Trump vs Trudeau
The just-completed G7 summit in Canada turned into a mess with media describing it as G6 + 1.
12 June 2018 | International
“We spent two days working out a (joint) statement and commitments. We are sticking to them and whoever reneges on them is showing incoherence and inconsistency,” President Emmanuel Macron's office said on Sunday in a statement to AFP news agency.
“Let's be serious and worthy of our people. We make commitments and keep them,” the presidency said, adding that “France and Europe maintain their support for this (G7) statement”.
Minutes after the publication on Saturday of the joint communique that was approved by all the leaders in the G7 bloc - US, France, Germany, Japan, Britain, Italy and Canada - Trump announced on Twitter that he was retracting his support.
In a flurry of tweets from Air Force One, en route to Singapore for a historic summit with North Korea's Kim Jong-un, Trump accused Justin Trudeau, Canada's prime minister and host of the summit in Quebec, of being “very dishonest”.
He was reacting to Trudeau's declaration that Canadians would “not be pushed around” and would hit back at punishing US tariffs on metal imports with “equivalent tariffs”.
Trudeau called the fact that the US had based the tariffs on a national security reason “kind of insulting”.
“As Canadians, we are polite, we're reasonable, but also we will not be pushed around,” Trudeau said.
Trump reacted in a tweet: “Based on Justin's false statements at his news conference, and the fact that Canada is charging massive tariffs to our US farmers, workers and companies, I have instructed our US Reps not to endorse the communique as we look at tariffs on automobiles flooding the US market!”
And then: “PM Justin Trudeau of Canada acted so meek and mild during our at the G7 meetings only to give a news conference after I left saying that ... he 'will not be pushed around'. Very dishonest and weak,” he added.
The Trump administration confirmed on 31 May it would apply additional tariffs on steel and aluminium imports from Canada, Mexico and European Union countries, ending a two-month exemption period.
In response, Canada, Mexico and the EU said they were putting in place their own retaliatory measures.
British Prime Minister Theresa May, who also attended the G7 summit in Canada, stood with Trudeau on the issue of trade.
“When we disagree with our allies on something it is right that we say so and air the issue openly and frankly,” she said at a news conference.
“We have done just that at this summit, registering our deep disappointment at the unjustified decision by the US to apply tariffs to EU steel and aluminium imports.”

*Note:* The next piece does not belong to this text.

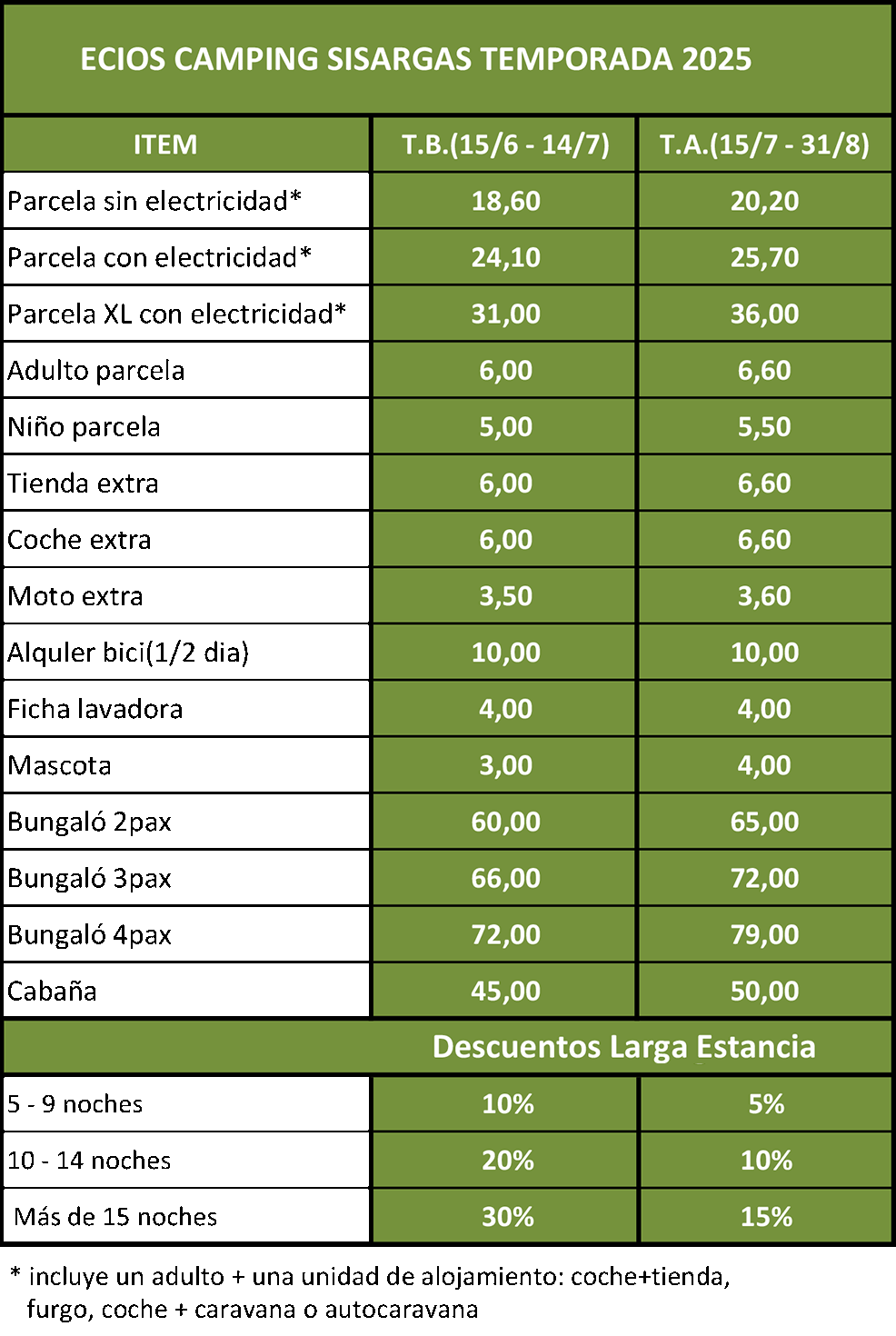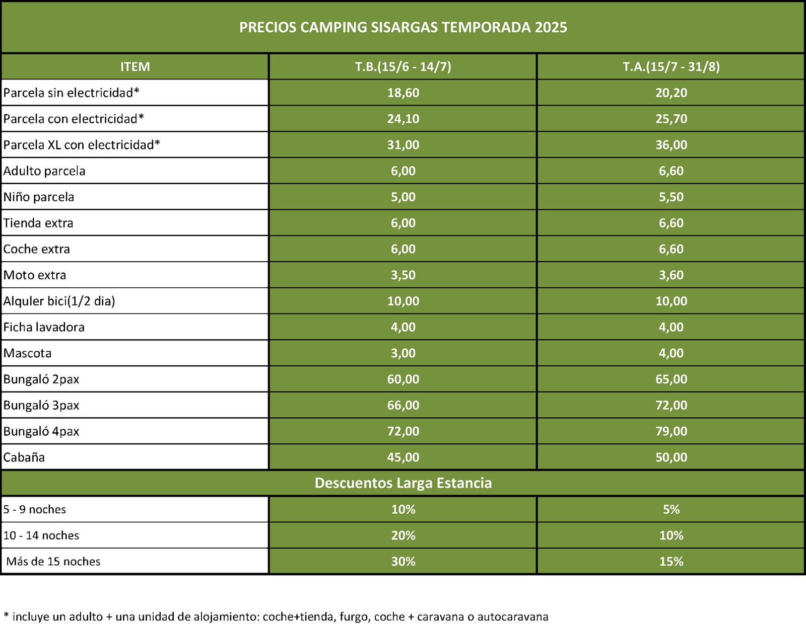 Consulta aquí todos los precios actualizados de nuestras parcelas y bungalows, así como los servicios opcionales disponibles. Ofrecemos tarifas claras y ajustadas a cada temporada para que planifiques tu estancia con total confianza.

The now mooted communique acknowledged the importance of “free, fair and mutually beneficial trade and investment”.
“We strive to reduce tariff barriers, non-tariff barriers and subsidies,” it said.
“This year's G7 meeting is already going down as the G6 + 1, with six members on one side and President Trump on the other,” Al Jazeera's John Hendren, reporting from Quebec, said.
“A meeting six of the leaders hoped would end by de-escalating a budding trade war ended up accelerating it.”
Speaking on US broadcaster Fox News, US trade adviser Peter Navarro blamed Canada for the disastrous ending to the G7 summit.
“There's a special place in hell for any foreign leader that engages in bad-faith diplomacy with President Donald J. Trump and then tries to stab him in the back on the way out the door,” he said.
“That's what bad-faith Justin Trudeau did with that stunt press conference. That's what weak, dishonest Justin Trudeau did.”